■ **Exercise details**: Pictures appear among the records. Write out all else exactly as it stands.

■ **Given records**:
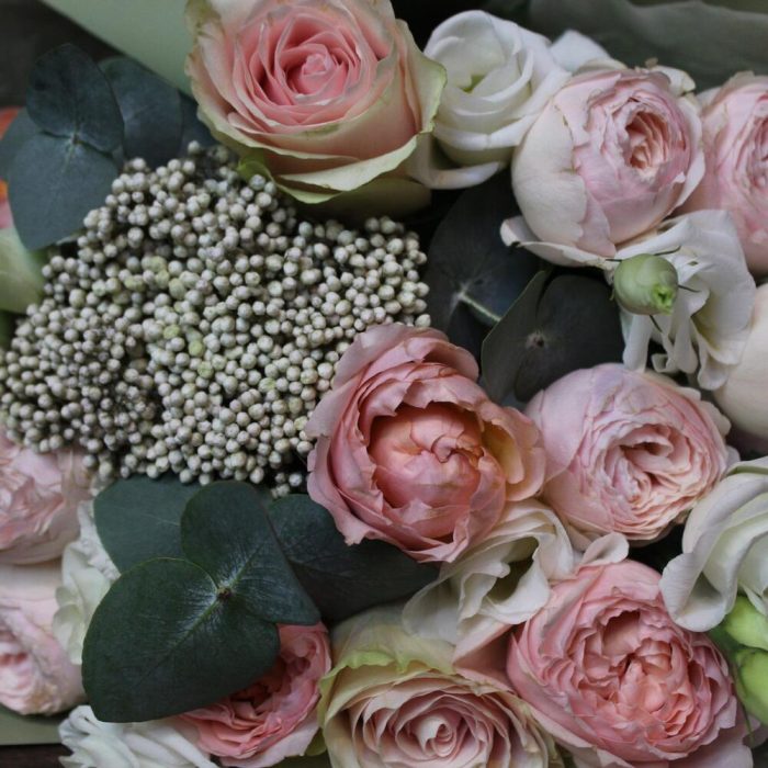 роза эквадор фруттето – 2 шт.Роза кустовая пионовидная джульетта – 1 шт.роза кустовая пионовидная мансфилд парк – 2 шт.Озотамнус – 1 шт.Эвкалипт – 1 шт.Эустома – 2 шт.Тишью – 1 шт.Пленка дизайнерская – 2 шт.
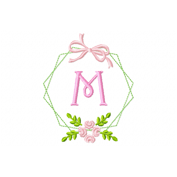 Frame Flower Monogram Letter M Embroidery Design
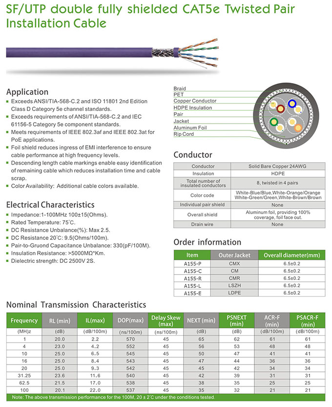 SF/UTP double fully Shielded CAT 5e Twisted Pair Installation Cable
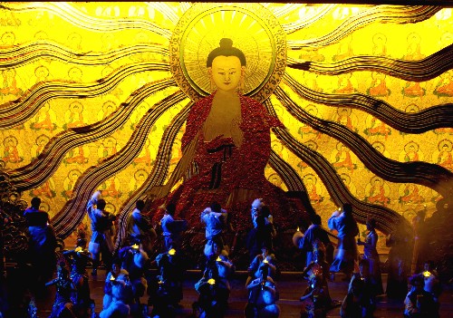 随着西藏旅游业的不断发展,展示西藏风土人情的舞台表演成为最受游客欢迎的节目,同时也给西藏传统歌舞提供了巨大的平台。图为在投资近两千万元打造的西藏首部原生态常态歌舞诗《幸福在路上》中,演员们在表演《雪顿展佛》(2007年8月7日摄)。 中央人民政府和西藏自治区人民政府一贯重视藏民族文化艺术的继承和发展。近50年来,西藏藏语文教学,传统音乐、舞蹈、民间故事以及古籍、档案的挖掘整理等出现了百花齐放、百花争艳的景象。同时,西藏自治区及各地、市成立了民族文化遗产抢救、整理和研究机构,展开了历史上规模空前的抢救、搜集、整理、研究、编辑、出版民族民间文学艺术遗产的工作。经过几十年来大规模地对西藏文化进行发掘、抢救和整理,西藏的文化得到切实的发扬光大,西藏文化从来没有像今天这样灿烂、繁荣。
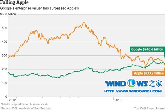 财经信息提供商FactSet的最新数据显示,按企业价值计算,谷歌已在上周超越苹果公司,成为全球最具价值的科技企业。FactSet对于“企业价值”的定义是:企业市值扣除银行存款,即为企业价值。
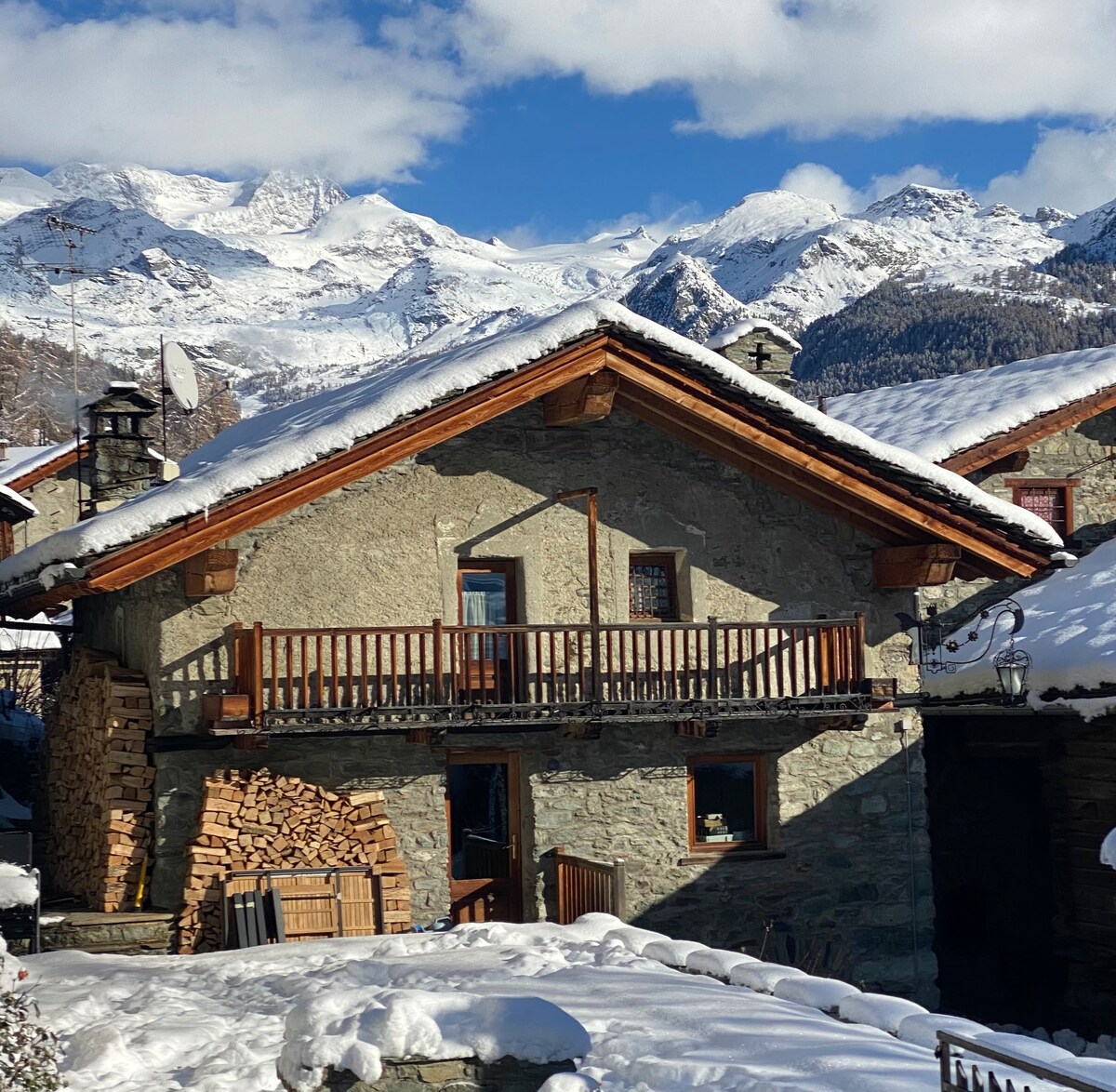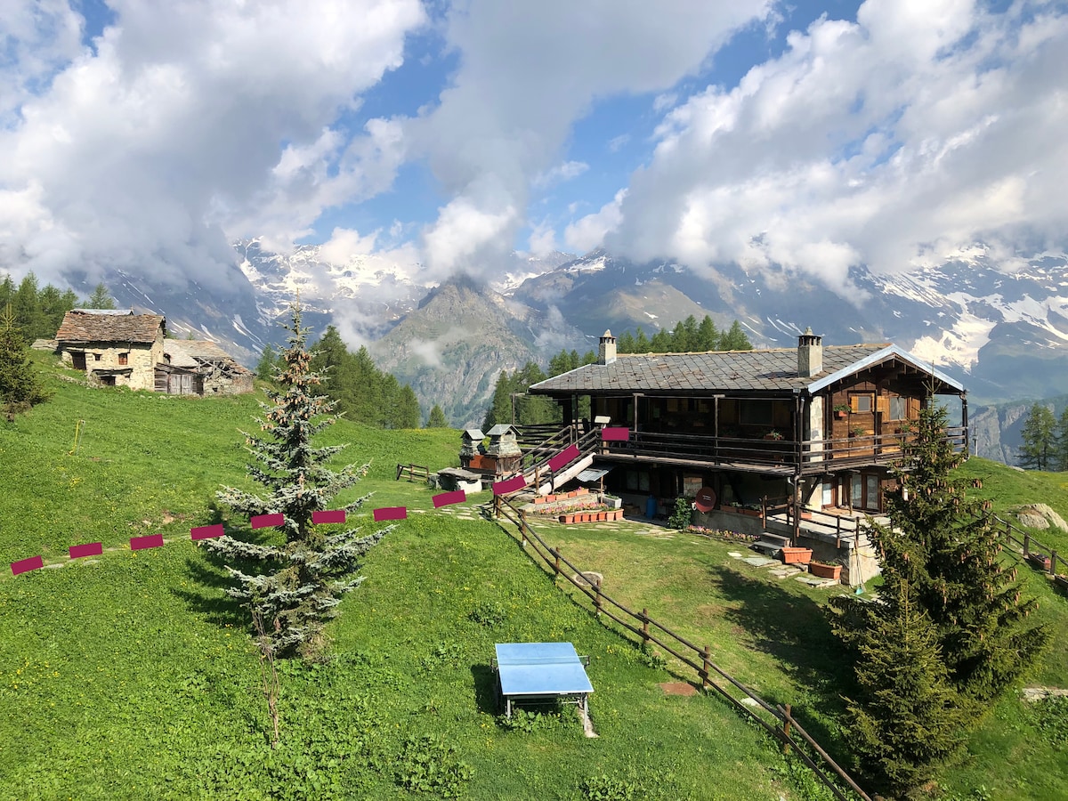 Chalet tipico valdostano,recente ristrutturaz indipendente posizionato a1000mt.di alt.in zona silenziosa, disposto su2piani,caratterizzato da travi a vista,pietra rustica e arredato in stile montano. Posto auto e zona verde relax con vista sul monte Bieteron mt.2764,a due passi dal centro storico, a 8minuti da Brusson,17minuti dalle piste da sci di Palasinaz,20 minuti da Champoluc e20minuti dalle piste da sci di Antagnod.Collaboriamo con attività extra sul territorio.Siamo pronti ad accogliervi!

■ **Result of this exercise**:
 роза эквадор фруттето – 2 шт.Роза кустовая пионовидная джульетта – 1 шт.роза кустовая пионовидная мансфилд парк – 2 шт.Озотамнус – 1 шт.Эвкалипт – 1 шт.Эустома – 2 шт.Тишью – 1 шт.Пленка дизайнерская – 2 шт.
 Frame Flower Monogram Letter M Embroidery Design
 SF/UTP double fully Shielded CAT 5e Twisted Pair Installation Cable
 随着西藏旅游业的不断发展,展示西藏风土人情的舞台表演成为最受游客欢迎的节目,同时也给西藏传统歌舞提供了巨大的平台。图为在投资近两千万元打造的西藏首部原生态常态歌舞诗《幸福在路上》中,演员们在表演《雪顿展佛》(2007年8月7日摄)。 中央人民政府和西藏自治区人民政府一贯重视藏民族文化艺术的继承和发展。近50年来,西藏藏语文教学,传统音乐、舞蹈、民间故事以及古籍、档案的挖掘整理等出现了百花齐放、百花争艳的景象。同时,西藏自治区及各地、市成立了民族文化遗产抢救、整理和研究机构,展开了历史上规模空前的抢救、搜集、整理、研究、编辑、出版民族民间文学艺术遗产的工作。经过几十年来大规模地对西藏文化进行发掘、抢救和整理,西藏的文化得到切实的发扬光大,西藏文化从来没有像今天这样灿烂、繁荣。
 财经信息提供商FactSet的最新数据显示,按企业价值计算,谷歌已在上周超越苹果公司,成为全球最具价值的科技企业。FactSet对于“企业价值”的定义是:企业市值扣除银行存款,即为企业价值。
 Chalet tipico valdostano,recente ristrutturaz indipendente posizionato a1000mt.di alt.in zona silenziosa, disposto su2piani,caratterizzato da travi a vista,pietra rustica e arredato in stile montano. Posto auto e zona verde relax con vista sul monte Bieteron mt.2764,a due passi dal centro storico, a 8minuti da Brusson,17minuti dalle piste da sci di Palasinaz,20 minuti da Champoluc e20minuti dalle piste da sci di Antagnod.Collaboriamo con attività extra sul territorio.Siamo pronti ad accogliervi!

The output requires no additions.